[llvm-commits] [PATCH] New pass: pointer (bounds) tracking!
Török Edwin
edwintorok at gmail.com
Wed Jul 8 13:59:24 PDT 2009
On 2009-07-08 23:43, Dan Gohman wrote:
> Hi Edwin,
>
> On Jul 2, 2009, at 12:32 PM, Török Edwin wrote:
>
>
>
>> Hi,
>>
>> The attached patch introduces a new pass that can be queried for
>> allocation size of pointers,
>> and contains a simple solver [*] for (a ult b) inequalities useful in
>> bounds checking. This is based on the bounds checker tool I developed
>> for my undergraduate thesis.
>>
>
> This sounds cool. Thanks for your patience; I'm finally getting around
> to taking a look.
>
>
Hi Dan,
I am replying to part of your email now, next part will come tomorrow.

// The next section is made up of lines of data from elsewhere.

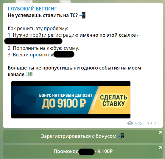 - сделано все, чтобы подписчики проигрывали у указанного букмекера.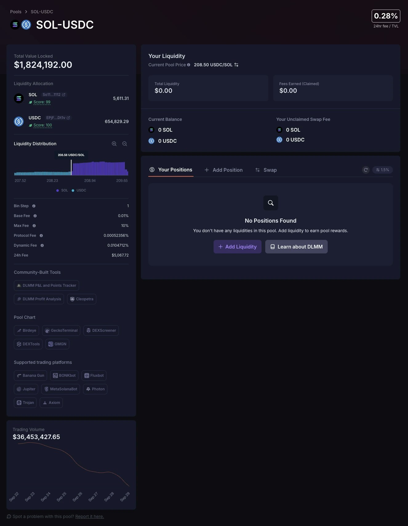 Popular trading platforms and bots have also integrated Meteora’s liquidity pools, including Axiom, Banana Gun, BONKbot, Fluxbot, Jupiter, MetaSolanaBot, Photon, and Trojan. We’ve provided buttons that link specifically to each of the trading platforms. Note: For pools without SOL as the quote token, BONKbot, Photon, and Axiom won’t be in the list.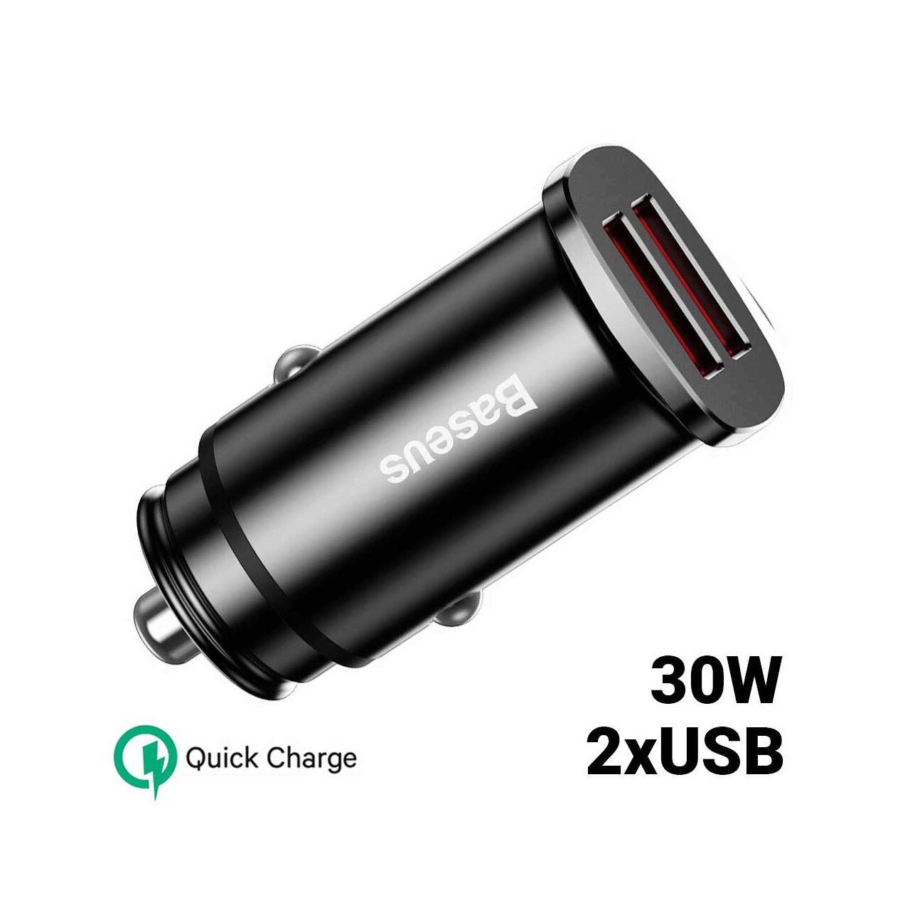 Baseus Incarcator Auto Metalic Quick Charger Dual Port 30W Black (5A max, QC3.0)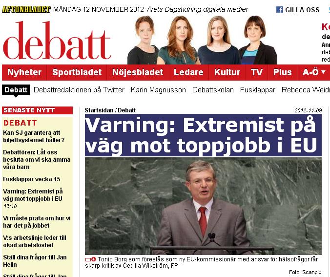 Debatten kring den ultrakonservative Tonio Borg som nominerats till EU:s näste hälsominister fortsätter. Läs gärna min debattartikel kring honom som publiceras i Aftonbladet i dag.

>> If this pass is something that would be accepted in LLVM, I will
>> cleanup
>> the code to conform to LLVM coding style, add testcases, and resubmit
>> the patch. I have just attached the patch now as a preview.
>>
>> I've seen that there is a lot of work being done to support SSI/
>> ABCD. I
>> think my approach is complementary: I try to determine whether the
>> existing bounds checks are sufficient for the safety of a memory
>> access,
>> and not whether any of the bounds checks are redundant and can be
>> removed.
>>
>
> It may be that the code in your pass could be used for both purposes.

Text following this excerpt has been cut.